Какие большие зубки
Часть 17 из 48 Информация о книге
Для доступа к библиотеке пройдите авторизацию
– Да, – печально сказала она.
Я была в бешенстве. Мне хотелось спросить у нее, чего она от меня ожидала и как я, помешав драке, превратилась вдруг в главную злодейку. Рис представлял опасность. Даже имея добрые намерения, он действовал слишком импульсивно и жестко. Артур нуждался в нашей помощи. Он и так уже был хрупок. Его бедная нога. Его слабые глаза. Но какой-то червячок сомнений все же копошился у меня в мозгу, и мне казалось, будто я что-то упускаю, что-то важное.
Папа закончил произносить речь и скомкал листок, пока отец Томас шел ему навстречу. Они пожали друг другу руки, а затем отец Томас встал перед могилой и склонил голову. Я сосредоточила свое внимание на нем, пытаясь игнорировать стоявшую рядом Луму, чье тело так и излучало жар. Мне неприятно было думать, что она на меня злится. Эта мысль мучила меня, словно камешек, попавший в туфлю.
Отец Томас наклонился, взял горсть пепельно-коричневой земли, а затем выпрямился и откашлялся. Горожане, попереминавшись с ноги на ногу, теперь внимательно смотрели на него, время от времени продолжая нервно оглядываться через плечо.

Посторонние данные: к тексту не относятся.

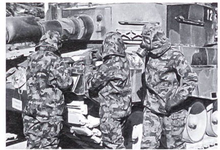
Reparaturarbeiten im C-Vollschutz.

verlegung, den Kompanieabend einmal ausgenommen. Das Beleuchtungselement durfte zum ersten Mal mit dem Lyran den Nachthimmel der Wichlenalp erhellen, während der Zug, welcher den Feuerkampf führte, einmal unter veränderten Bedingungen mit beschränkter Sicht agieren konnte, und der Rest hatte das Glück, das Schauspiel vom Beobachtungsturm her mit zu verfolgen. Es leuchtet ein, dass es an einem solchen Abend spät wird und jeder lieber ins Bett sinken würde als zu nächstlicher Stunde noch den Panzer zu «pedieren». Da kann es schon mal zu Unstimmigkeiten oder Reibereien kommen. Doch Probleme sind da, um gelöst zu werden, und man muss an ihnen auf gar keinen Fall zerbrechen, sondern kann daran wachsen. Damit möchte ich auf die gute Kameradschaft verweisen, die ich während meiner gesamten Dienstzeit erfahren durfte.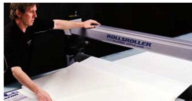
9. Aplicar la otra mitad de la decoración utilizando el rodillo presurizado.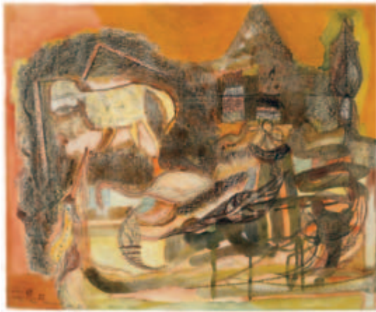
Hund in der Landschaft Aquarell auf Kanzleibütten, 1955 38 x 46 cm Wvz. 55/53 Sammlung H. und D.B.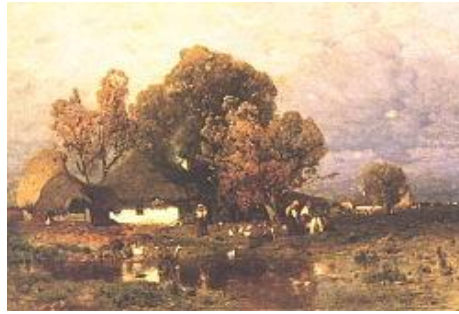
(Mészöly M.: Alföldi tanya)

Ám az ihlet nem csupán a művészek kiváltsága. Nap, mint nap ezreket szólít meg és „varácsol el” ez a táj, és ennek köszönhetően a föld szeretete végül mindig tovább öröklődik és méltó, gondos utódokra lel.

Священник поднял лицо к небу, и мое тело пронзила дрожь. Стекла его очков покрывали пятна от капель дождя, редкие седые волосы были гладко прилизаны к голове. Он был спокоен – не как тогда, на церковном дворе, но нос его до сих пор был розовым и опухшим.
– Мы собрались здесь сегодня, чтобы проводить в последний путь нашу сестру Персефону Палеолог Заррин, – сказал он, – и предать ее тело земле.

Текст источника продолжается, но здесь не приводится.